» Work order:
In the listing that follows, find the line with "- بررسی جزئیات", then copy exactly from it through the line with "ガレージ、倉庫、駐車場、建物", leaving out every picture.

· · ·

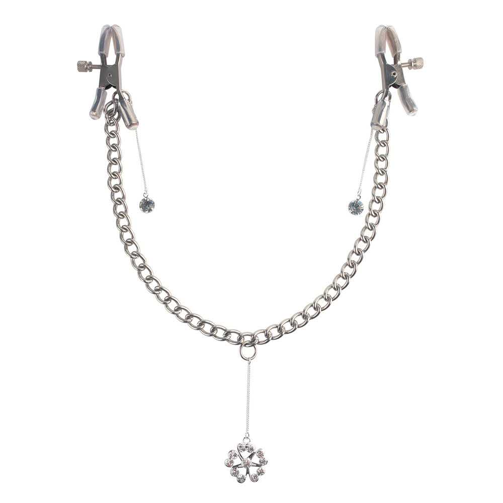 Jeśli fetysz, to szlachetny fetysz! Te zaciski do sutków są wykonane do szczególnie szlachetnych gier fetyszowych! Możesz cieszyć się słodkim bólem w sutkach lub po prostu lekkim uciskiem, ponieważ same zaciski są łatwe do regulacji. Element dekoracyjny na łańcuchu łączącym uzupełnia projekt i zaprasza do ekscytujących gier. Metal, akryl.
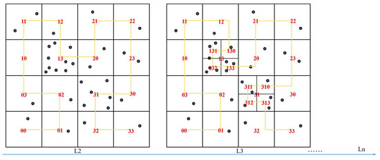 A space-filling curve is a one-dimensional continuous curve that can run through multi-dimensional space, and it represents an effective method of dimensionality reduction that is widely used in various types of GIS algorithms [40]. Commonly used space filling curves include the Z curve and Hilbert curve [41]. The Z curve has local proximity, although it also has serious spatial mutability, i.e., the points coded by neighboring numbers may not be adjacent to each other, and its coding cannot effectively reflect spatial distance [42]. The Hilbert curve has optimal spatial aggregation and discrete approximation abilities, and adjacent points in space are adjacent and continuous on the curve; thus, it can realize the mapping from multidimensional space to one-dimensional space well [40,43]. Therefore, the Hilbert curve is chosen as the basis of the coding algorithm in this study and realizes the adaptive grading of discrete data by setting the following threshold: higher-order Hilbert curves are generated in regions with dense 3D points, and lower-order Hilbert curves are generated in regions with sparse 3D points. The underlying coding algorithm for Hilbert curves is available on GitHub [44]. To clearly describe the process of spatial adaptive segmentation, a two-dimensional example is provided in Figure 2. The subsequent plots in this paper are likewise provided in two dimensions.
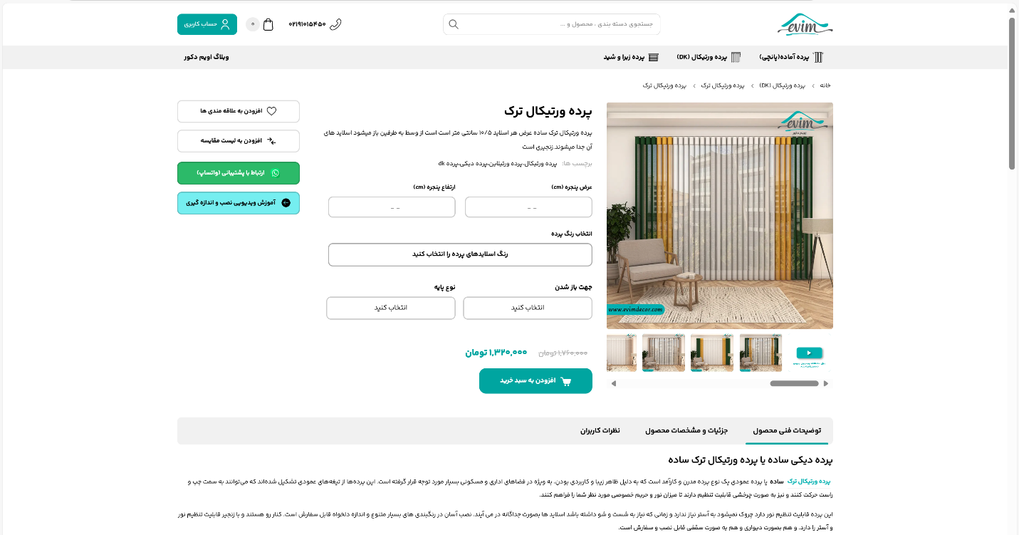 - بررسی جزئیات و افزودن به سبد خرید: پیش از نهایی کردن خرید، میتوانید جزئیات محصول، قیمت، و سایر ویژگیها را یک بار دیگر مرور کنید. پس از اطمینان از انتخابها، پرده موردنظر را به سبد خرید اضافه کنید.
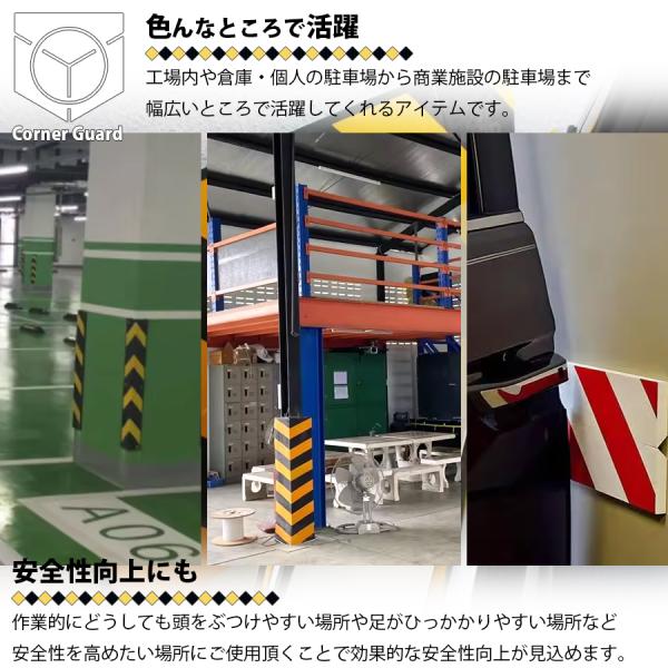 ガレージ、倉庫、駐車場、建物のコーナーなどに設置し、怪我対策や大事な車を守ります。
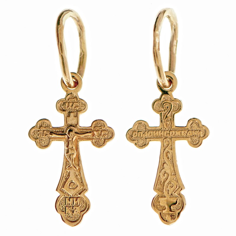 Это Освященное Православное изделие - Крест, из Золото Au 585. Изделие входит в коллекцию: 'Золотая филигрань'. Произведено по типу: 'Литье'. Изделие имеет высоту 2 см. Изделие имеет ширину 0,8 см. Освящен молитвой: ' Спаси и сохрани'. Весит, от 0.46 гр.
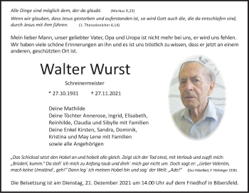Walter Wurst Obituary ... Wurst, Walter Saline, MI Walter Willie Wurst of Saline, MI passed peacefully on Wednesday, April 28, 2021, at age 78.
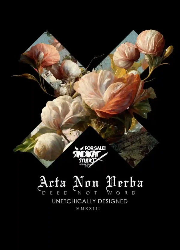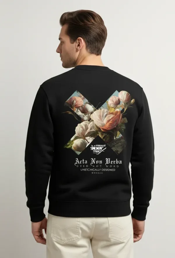 This “Acta Non Verba” sweatshirt brings together classical floral artwork and bold modern streetwear typography. Featuring rich, painterly blossoms set against a dark graphic layout, it delivers a premium aesthetic look. Soft fleece, comfortable fit, and perfect for art lovers, minimal streetwear fans, and anyone who wants a refined yet bold graphic piece.
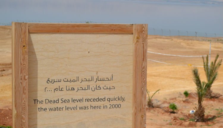 A Holt-tenger partján tett látogatás során drámai módon válik mindez láthatóvá: a Sós-tengernek is nevezett, több bibliai történetben fontos helyszínként szereplő tó vízszintje vészesen apad, különböző természeti folyamatok, illetve az állandó vízkivétel miatt, a tenger – amelynek innenső oldaláról átlátni az izraeli, pardon, ciszjordániai partokra – déli medencéje néhány évtized alatt gyakorlatilag kiszáradásra van ítélve. Az emelkedő parton táblák jelzik a vízszint ötévenkénti-évtizedenkénti apadását: a látvány mellbevágó.
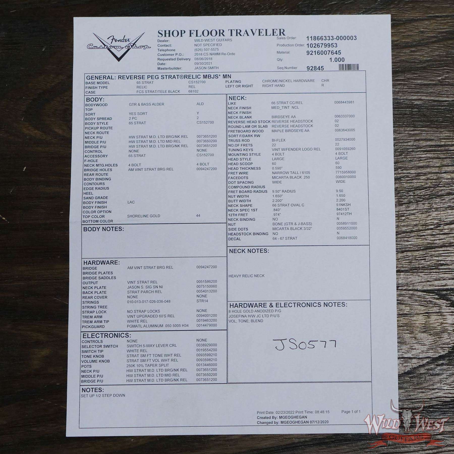 Fender Custom Shop Jason Smith Masterbuilt 1965 Stratocaster Maple Neck Reverse Headstock Relic Shoreline Gold
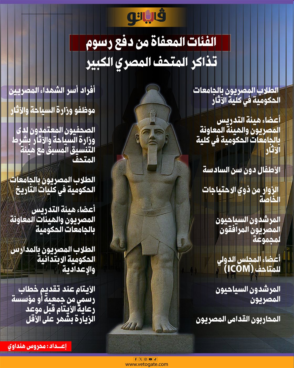 الفئات المعفاة من دفع رسوم تذاكر المتحف المصري الكبير (إنفوجراف)
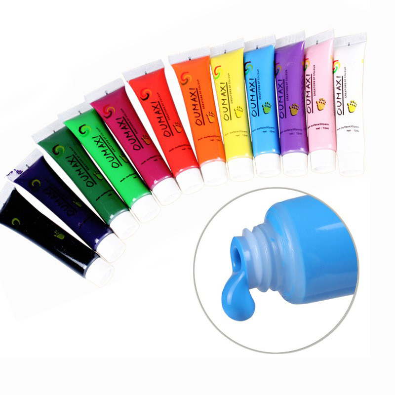 美甲12色3D指甲彩绘画花颜料画花颜料美甲排笔颜料套装12ML
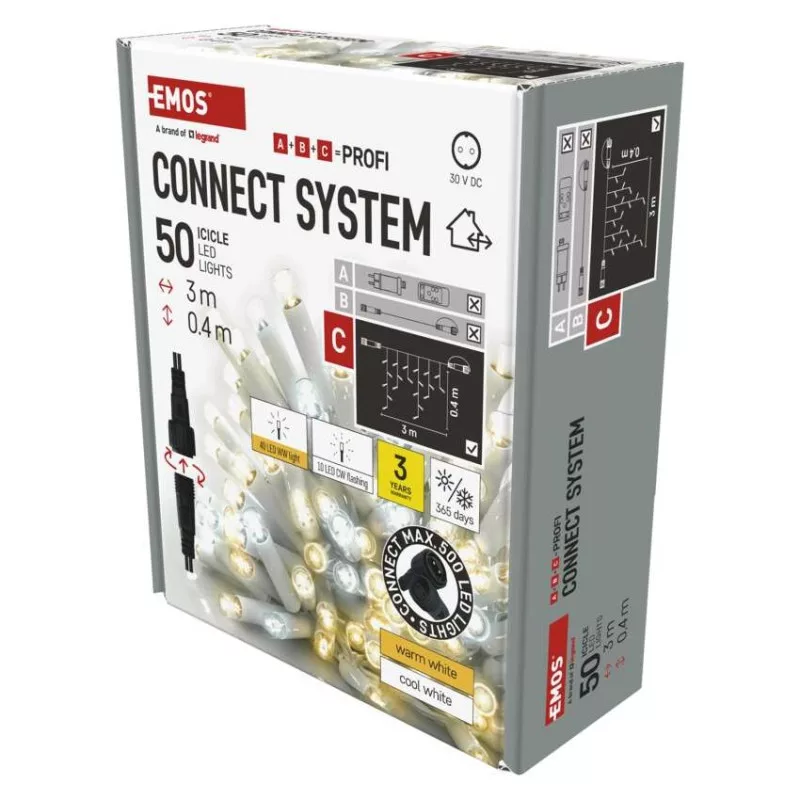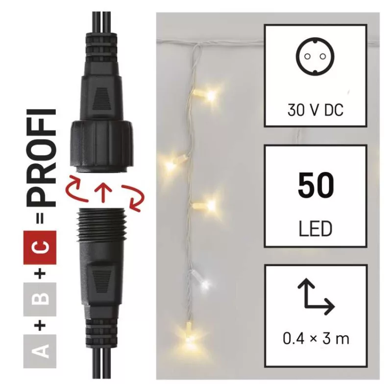 a fa magasságához: nincs megadva|anyag: gumi|bemeneti feszültség: 30 V DC|csatlakoztatási lehetőség: igen|élettartam: 10 000 óra|értékesítési csomagolás: 1 db, doboz|fény színe: meleg/hideg fehér|fogyasztás: max. 4 W|forma: klasszikus|funkció: világít/villog|garancia-időszak: 3 év|használat: kültéri és beltéri|időzítő: nincs megadva|kábel színe: fehér|kimeneti feszültség: nincs megadva|LED-ek közötti távolság: 10 cm|LED-ek száma: 50|LED mérete: 7 mm|méretek: 3 × 0,4 m|tápellátás típusa: AC (hálózati) adapter (nem a csomag része)|tápvezeték hossza: 10 cm|távvezérlő: nem|termék: jégcsap|védettség: IP44

· · ·

» Answer box:
 - بررسی جزئیات و افزودن به سبد خرید: پیش از نهایی کردن خرید، میتوانید جزئیات محصول، قیمت، و سایر ویژگیها را یک بار دیگر مرور کنید. پس از اطمینان از انتخابها، پرده موردنظر را به سبد خرید اضافه کنید.
 ガレージ、倉庫、駐車場、建物のコーナーなどに設置し、怪我対策や大事な車を守ります。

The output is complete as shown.